In the hands of Roman Polanksi, the one-room chamber cinema of Carnage lives up to its name, says John Patterson. Spoiler alert! It all ends messily
John Patterson
The Guardian, Saturday 28 January 2012

"Mmm … Francis Bacon?" says Kate Winslet to Jodie Foster, leafing through a coffee-table book devoted to the master of the cramped interior and the silent scream, "cruelty and splendour, chaos and balance …" Later she will vomit violently and at considerable length all over this same book but for now, she's offering a neat summary of the virtues of Roman Polanski's toothsomely claustrophobic Carnage, from Yasmina Reza's stage play.
Carnage
Production year: 2011
Country: Rest of the world
Cert (UK): 15
Runtime: 79 mins
Directors: Roman Polanski
Cast: Christoph Waltz, Jodie Foster, John C Reilly, John C. Reilly, Kate Winslet
One apartment – the film's entire set – holds two bourgeois New York couples meeting to discuss their sons, one of whom has knocked out the other's front teeth, and to effect some kind of settlement between the boys.
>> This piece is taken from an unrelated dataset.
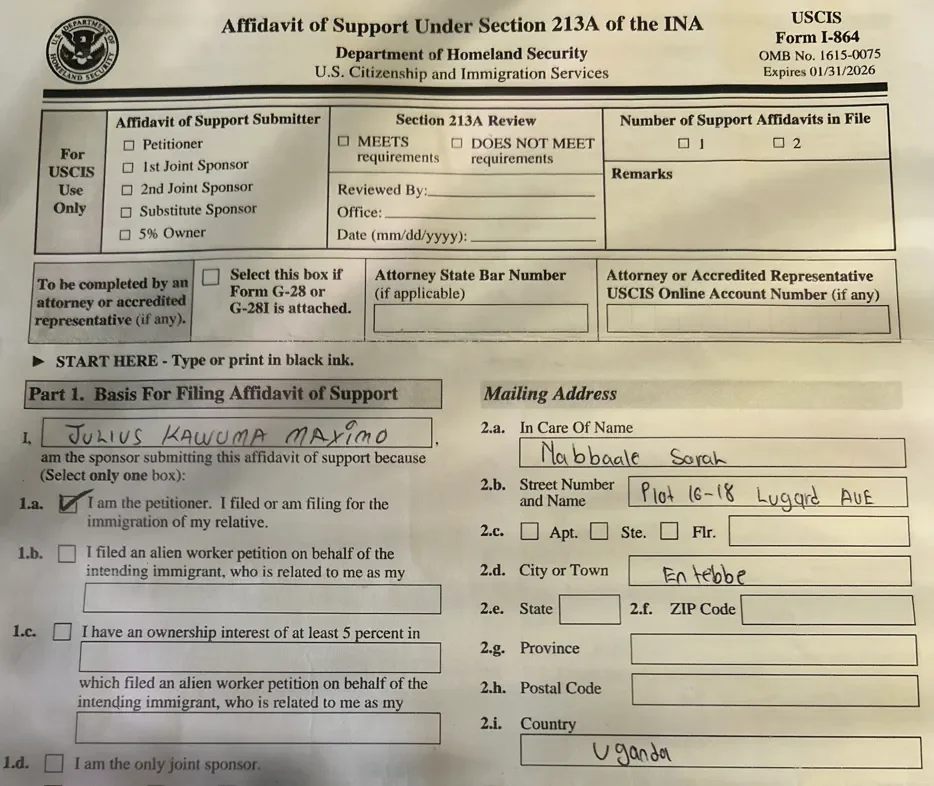 Maximo listed his employers, including Uplifting Journey, on the form. It is unknown what relation Nabbaale is to Maximo, and whether Maximo ever submitted an affidavit of support for her.

Add Polanski to this toxic cocktail of passive-aggressive PC liberalism (Foster) v Darwinian corporate sharkiness (Christoph Waltz), clueless blue-collar schlubhood (John C Reilly) and screaming uptightness (Winslet), then settle in for a joyously unpleasant ride. The Bourgeois Proprieties don't survive the first half hour (of a very clipped 79 minutes – ah, brevity), and with the unhelpful addition of a bottle of scotch to an already volatile situation, all social inhibitions are soon abandoned. Loyalties fall apart, unlikely alliances form and abruptly dissolve (wives v husbands, men versus women, three on one), masks are torn off and violence is ever latent.
Just to watch actors of this quality tearing strips off each other is reason enough to see Carnage, but Polanski makes a deliberate commitment to the play's stage-bound properties – single set, single block of time – making this the least "opened-up" stage adaptation I've seen in ages. Polanski has returned again and again to claustrophobic or insular spaces: the yacht in Knife In The Water; the phantasmagoric apartments in Repulsion and The Tenant; the houses on islands in Cul-de-Sac and The Ghost; and the single set of Death And The Maiden. In the equally cramped Carnage, he's back to scorched-earth warfare waged indoors.
There is a touch of Buñuel's The Exterminating Angel here and also Claude Chabrol and his trained ethnographer's beady eye for insect-like behaviour as he surveys various strains of bourgeois depravity. But the abiding presence is of Polanski himself, a pure film-maker still working in the elemental ways he learned at the Lodz film school in the 1950s: image/sound/editing; nothing else matters (the only thing worth mourning about the Soviet Union: damn good film schools). As the first note of tension arises among the couples, an invisible dog starts barking somewhere far away, one of those characteristic tiny Polanski touches, like the backwards-shot seascapes in Bitter Moon, that disorient you just that little bit more, before he's ready to twist the knife again.
Cruelty, splendour, chaos and balance: four things that Roman Polanski knows all about.